PowerGen set to reward investors with share buyback

PowerGen is today expected to announce plans to reward investors with a share buyback following the pounds 353m disposal yesterday of its 21 per cent stake in Midlands Electricity to the two US utilities buying the company.

The generator, whose own bid for Midlands was controversially blocked by the President of the Board of Trade, Ian Lang, three weeks ago, is also expected to confirm that it has decided not to seek a judicial review of the decision.

PowerGen has the authority to buy back up to 10 per cent of its share capital - a move that would cost just under pounds 400m. The market had been expecting the company to set out how it planned to benefit shareholders following the collapse of the bid for Midlands and had pencilled in a buyback, special dividend or accelerated dividend policy.

Today's announcement is also expected to contain news of an acceleration in PowerGen's dividend policy and will coincide with the publication of the company's 1995 results which have been brought forward by a week.
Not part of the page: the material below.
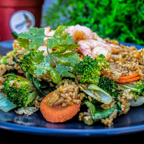 PRAŽEN RIŽ Z MEŠANO LOKALNO ZELENJAVO, ČESNOM, SOJINO OMAKO IN JAJCEM (po želji).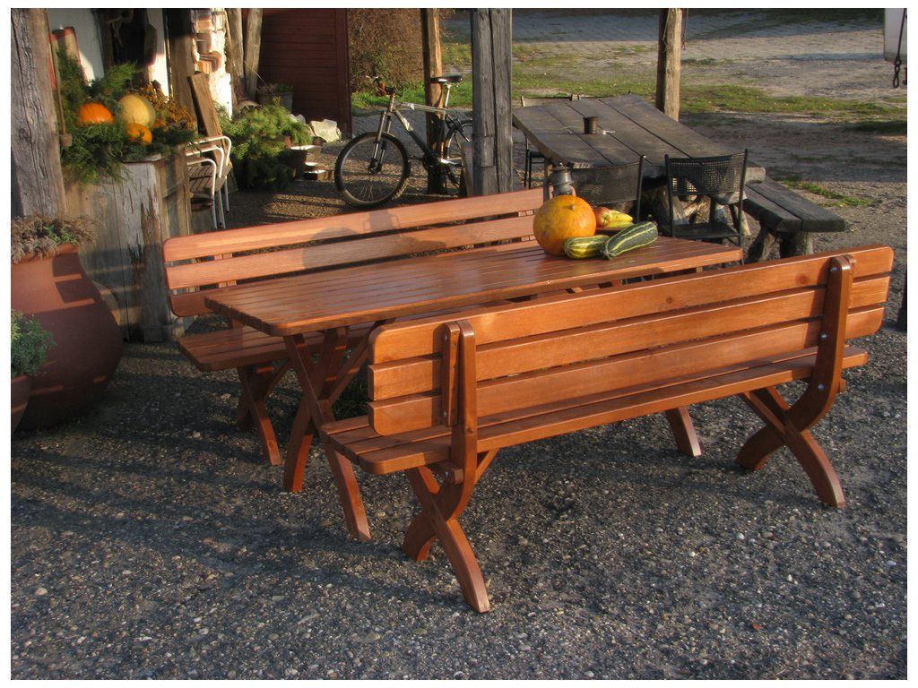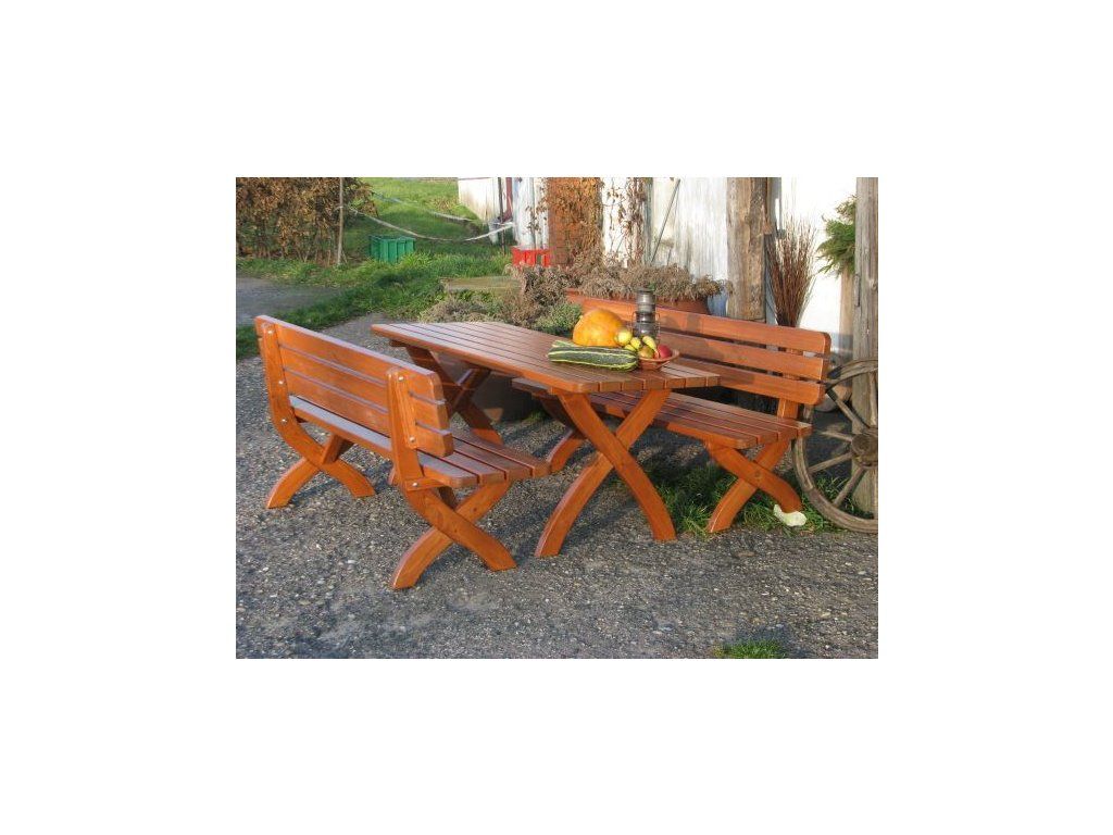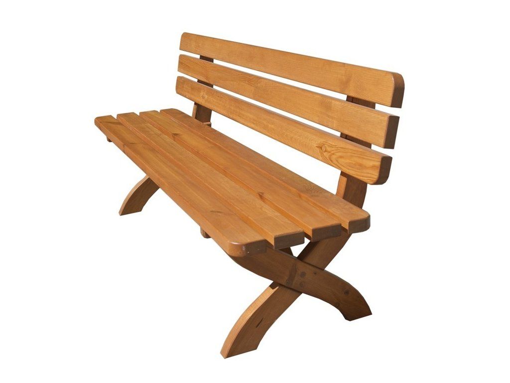 Masivní zahradní lavice z borovicového dřeva, které je lakované.

The market is looking for pre-tax profits of between pounds 580m and pounds 605m and a further cut in dividend cover. Last year the dividend was covered 3.3 times by earnings and PowerGen said its intention was to reduce cover to between 2.5 and 2.7 times "in the coming years". Analysts are hopeful that PowerGen will be able to reduce cover at a quicker rate than indicated.

The timing and size of a share buyback will depend on market conditions and price, and is not expected to take place immediately.

The sale of the Midlands stake will net PowerGen a profit of pounds 69m and raise the holding of Avon Energy Partners - a joint venture between General Public Utilities and Cinergy - to just under 29 per cent.

This removes the threat of a rival stepping in and buying up PowerGen's stake to mount a contested bid. A spokesman for the two US utilities welcomed the move which makes it almost certain that the pounds 1.7bn offer - which is already agreed - will go through successfully.

PowerGen's legal advice appears to have been that it had a strong and credible but not overwhelming case for a judicial review of the Lang decision. However, when the American bid materialised at a price which PowerGen would not have been prepared to match even if the courts had ruled in its favour, it felt it had little option but to sell its stake.

Proceeding with a judicial review in those circumstances would, it appears, have stretched credibility. There is unlikely to be any firm news today, however, on whether or not PowerGen will go ahead with the pounds 370m sale of two power stations to the Hanson-owned Eastern Energy.

PowerGen put the plant disposal on hold when its bid for Midlands was blocked, fearing that otherwise it would be facing increased competition in the generating market at the same time as being held back from competing in supply.

Ed Wallis, PowerGen's chairman, is expected to argue that it does not yet have the regulatory certainty it would like in return for disposing of the plant - a move that would reduce earnings by 2 to 3 per cent.

The electricity regulator, Professor Stephen Littlechild, has warned that he may refer PowerGen to the Monopolies and Merger Commission if the plant disposal does not go ahead.

National Power, whose bid for Southern Electric was also blocked by Mr Lang, is expected to announce a shareholder incentive package when it produces its annual results later this month.

There had been speculation that it could reward investors with a package of special dividends, share-buy backs and enhanced dividends worth up to pounds 2bn.

However, the decision of Mr Lang to retain the Government's golden shares in the two generators, making them bid-proof, has reduced the need to maintain shareholder loyalty with exorbitant payouts.